(185aa) Development of Artificial Lift Infrastructure Plan Under Endogenous and Exogenous Uncertainties

Development of
Artificial Lift Infrastructure Plan under Endogenous and Exogenous
Uncertainties

Zuo Zeng,
Selen Cremaschi

Department of Chemical Engineering,
Auburn University, Auburn, AL 36849, USA

selen-cremaschi@auburn.edu

Shale
gas has become a significant source of natural gas in the United States. The
U.S. Energy Information Administration (EIA) estimates that in 2017, shale gas
provided over 60% of U.S. dry natural gas production compared to its 1% share
in 2000 [1]. Because large amounts of fluids are injected to the shale
formation during the fracturing process, shale gas wells often require deliquification to unload the well relatively quickly,
generally within their first or second year of production [2]. Artificial lift
methods (ALMs) are used in horizontal shale-gas-producing wells to lift the
accumulated fluids in the well and to help sustain well performance. Artificial lift methods can
be divided into two types: passive and active. Passive systems, such as
velocity strings, plunger lift and foam lift, mainly naturally carry and remove
liquid from the wellbore because sufficient energy remains in the reservoir.
The active systems, such as sucker rod pump, well head compressors and gas lift,
add energy to the system, and are generally implemented once the reservoir
pressure drops below the wellhead pressure [3].

The
artificial lift infrastructure plan (ALIP) includes which ALM should be
installed, when exactly the selected ALM should be installed and how long the
installed ALM should be operated to maximize the net present value (NPV) of the
well. Selecting
an appropriate ALM for gas well deliquification
mainly depends on the well geometry, operating conditions, and well
performance. Constructing an artificial
lift infrastructure plan is complicated due to uncertainties in economic
factors, such as natural gas price, and in production rates of the well.

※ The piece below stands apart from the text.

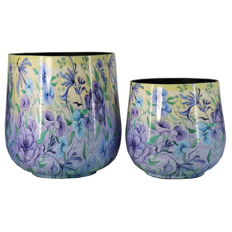 La serie metálica ampliada Milos de la colección Jet Home de Floran desprende frescura y energía. Los colores azul/morado combinados con el amarillo pálido dan a Milos un aspecto moderno y fresco. Un sinfín de posibilidades para hacer brillar el interior de cada uno con las macetas, jarrones, cuencos, mesas y bandejas Milos.

In this work, we present a
multistage stochastic programming model to develop artificial
lift infrastructure plans (ALIPs) for shale-gas producing horizontal wells. The model discretize the planning horizon into
equal time periods (corresponding to one month) t = 1, 2, 3…T, where period t
starts at time t-1 and ends at time t. The decision variables are w_i,p,s and z_i,t,s, which track the installation (p ϵ T) and removal t ϵ T time periods of ALM i ϵ I under scenario s ϵ S, respectively. One more binary
variable, y_i,t,p,s,
is introduced, which is equal to one if ALM i is installed on period p and uninstalled on period t in scenario s. The sequencing constraints ensure that each ALM is installed and uninstalled at most once,
only one ALM is installed and uninstalled at any given month, and each ALM is uninstalled
only after its installation time.  Each ALM has defined design and operational limitations such as the ones
specified in the Artificial Lift R&D Council guidelines [5] and in typical
attribute tables [6]. These limitations are incorporated as technical limitation
constraints in the model.

The model incorporates
the impact of exogenous natural gas price uncertainty, which is independent of
decisions, and of endogenous uncertainty associated with the production rate of
the well, which depends on the selected ALM. We assume that natural gas price follows a multiplicative binomial process over
discrete periods [7], and that its rate of change (ROC) has two possible
outcomes {H^P, L^P} with equal probabilities. Figure 1 represents the
scenario tree for natural gas prices. The natural gas price at initial stage is
given by the parameter P₁. We assume that the price uncertainty is
realized every four months, resulting in a total of st = T/4 stages for the exogenous uncertain parameter realizations,
where T is length of the planning
horizon in months. Further, we assume that the two outcomes of ROC H^P
and L^P are constant throughout the planning horizon and
equal to each other. We define ϴ_st as the random variable associated with
natural gas price at stage st ϵ T^’=
{1,2,…,T/4}.

Figure 1: Natural gas price scenario tree

The production rate of a horizontal well is described using a hyperbolic
curve [5]. At first, the well is producing naturally, represented with the
solid curve in Figure 2. After liquid loading, the production from the well
becomes unstable, and is halted (t = p –
1) unless an appropriate ALM is installed to stabilize it. Dashed line in
Figure 2 represents a potential production rate after ALM i is installed at time p. We define the ratio of the production
rate at time p (with ALM i installed) to
the production rate at p-1 (the
production right before ALM i installation) as the flowrate change ratio, Qrc_i,
of ALM i.

Figure 2. Production decline curve when ALM i is installed.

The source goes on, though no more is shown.